# Easton Fullbore arrows



## AlphaMax1 (Jun 14, 2010)

Anyone shooting fullbore arrows for 3d and if so what rest are you using.


----------



## blazenarrow (Feb 6, 2009)

I do I use a tt ss pro. I shoot them with 50 grain xxx pts. I also put the 20 grain screw in weights for the tips. So I have 70 grains total. Thru my omen at 60lbs 28 inch draw. They are flying 307fps. Arrow weighs 345gr


----------



## ArrowStar1 (Jun 10, 2008)

I have been shooting them out of my Alpha Elite with a Limbdriver rest. They fly great and shoot perfect bullet holes thru paper.
I just set up another bow and have less draw weight so I am going back to my Fatboy 400's. I cant get the Full Bore's light enough to get the speed I want out of the Vantage Elite.


----------



## Gary Wiant (Dec 7, 2008)

just FYI I just found out I can use 2613 Easton inserts and screw in points in the Hunter Class, they are heavy but hopefully I'll still get about 300 fps out of my Mathews Triumph I'm getting 303 with heavy fatboy 400's and 325 with 400 flatliners

Does anyone know where I can get 55gr. pdp screw in points? the lightest I can find are 65gr


----------



## jwolfe78 (Mar 10, 2006)

Gary Wiant said:


> just FYI I just found out I can use 2613 Easton inserts and screw in points in the Hunter Class, they are heavy but hopefully I'll still get about 300 fps out of my Mathews Triumph I'm getting 303 with heavy fatboy 400's and 325 with 400 flatliners
> 
> Does anyone know where I can get 55gr. pdp screw in points? the lightest I can find are 65gr


Lancaster Archery would be your best bet. You could always get 65gr points and cut the back of the threads or grind the back off.. or another option is to cut the back of your insert off... to save some gr's...


----------



## Gary Wiant (Dec 7, 2008)

I thought of cutting the back of the point and the back of the insert I just wasn't sure how much of the threads I would could take and still keep the points tight, and how much weight would I loose? The inserts weight 53gr so even at 55 grain tips I still have over 100gr of front weight

Thanks
Gary


----------



## corpralbarn (Jan 21, 2009)

a local shooter here shoots a Bodoodle.


----------



## jwolfe78 (Mar 10, 2006)

Gary Wiant said:


> I thought of cutting the back of the point and the back of the insert I just wasn't sure how much of the threads I would could take and still keep the points tight, and how much weight would I loose? The inserts weight 53gr so even at 55 grain tips I still have over 100gr of front weight
> 
> Thanks
> Gary


You could always "super glue" the screw-in points in.


----------



## Gary Wiant (Dec 7, 2008)

don't you need to be able to unscrew them if "inspected/tech'd"


----------



## YankeeRebel (Dec 30, 2005)

I use a Trophy Ridge Tack Driver (Spring Steel) for both 3-D and Indoors. I believe I'm using a .012 blade. My Full Bores weigh 384 grains and fly like darts.


----------



## jwolfe78 (Mar 10, 2006)

Gary Wiant said:


> don't you need to be able to unscrew them if "inspected/tech'd"

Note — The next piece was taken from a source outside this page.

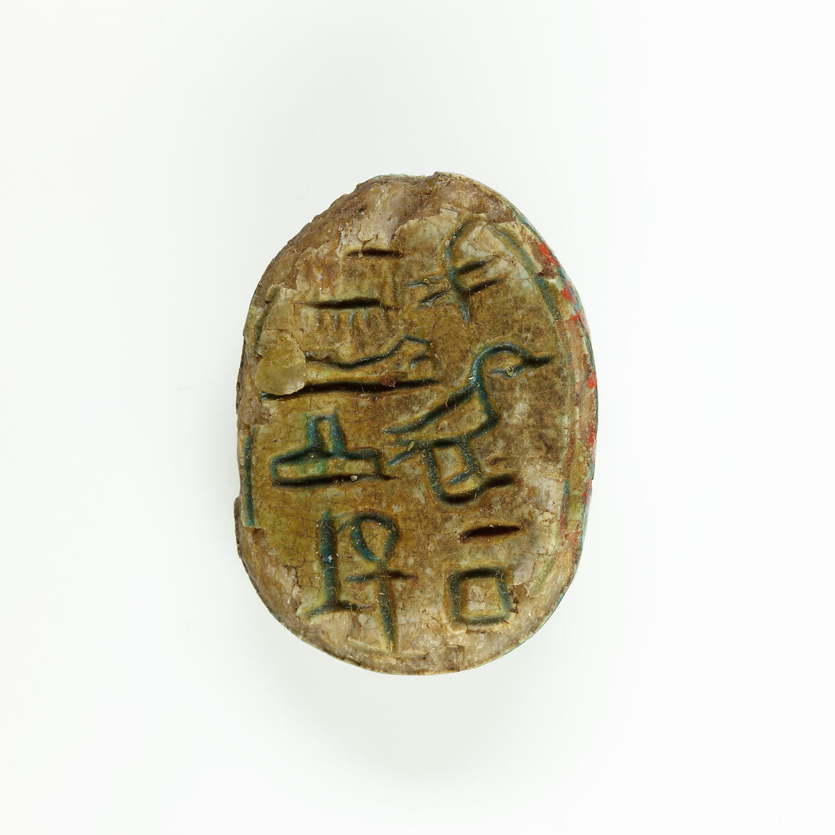 This scarab is inscribed with the royal title ‘king’s son’ followed by the prince’s name, Sebekhotep. Added to the inscription is a formula, which wishes members of the royal family life and prosperity. The shape and decorations of the scarab are characteristic of Dynasty 13 scarabs.

I havn't ever seen anyone checked. I usually use wax on my broadheads and they stay in pretty good. A small dab of a light strength loc-tit would probably also work wonders.


----------



## mcfd-1229 (Aug 14, 2010)

is anyone shooting full bores outside, I am looking at setting up a bowtech specialist with them


----------



## super* (Jan 26, 2008)

go with x10s


----------



## Gary Wiant (Dec 7, 2008)

Ok so here is what I came up with. my draw length is 32" & on my Mathews Conquest Triumph it measures 33". on the draw board so my arrows are full length, I just took a hair off to square up the arrows, I shoot HC so I need screw in points. I used 2613 easton inserts ( I sanded around the top so they didn't fit super tight ) then I ground down the back of the insert and got them down to 45gr and I'm using 65gr pdp points ( I'd like to fine 55gr but no one has them in stock )I wrapped the arrows and fletched them with Blazer X2 vanes the arrows overall weigh 429gr and I'm got 292 fps 3 times in a row. I'm very happy with the arrows I went out in the yard shot 4 arrows at 20 yards then on my 6th shot from 30 yds I smacked the back of my arrow and almost robinhooded it, so I think they are going to fly good. I know I can get 325fps out of Flatline / Lightspeeds but I really like the fatter arrows. I played the speed game for a while I just don't care to do that anymore.

Good Luck


----------



## athomPT (Dec 14, 2008)

I shot them from both a limbdriver and NAP 3000 and they were fine with either rest. If my league allowed 27 diameter arrows I'd still be shooting them, but I had to go back to fatboys.


----------



## RAYHUNTS (Dec 8, 2005)

If you want a lighter tip, find a machine shop that could turn them down for you until you hit the desired weight. I had to turn some down because they were a tad to fat for the shaft and could not find one to fit just right. I put an insert in my drillpress and screwed in a tip. I then took a file and filed it down while it was spinning until it was even with the insert. Didn't take any time at all and just blued the tips once I was done. Perfect fit.


----------



## $dabucks (Mar 1, 2008)

I am thinking about trying the new Full Bores? How are they shooting for 3d. I have a Commander set at 70.8 lbs.


----------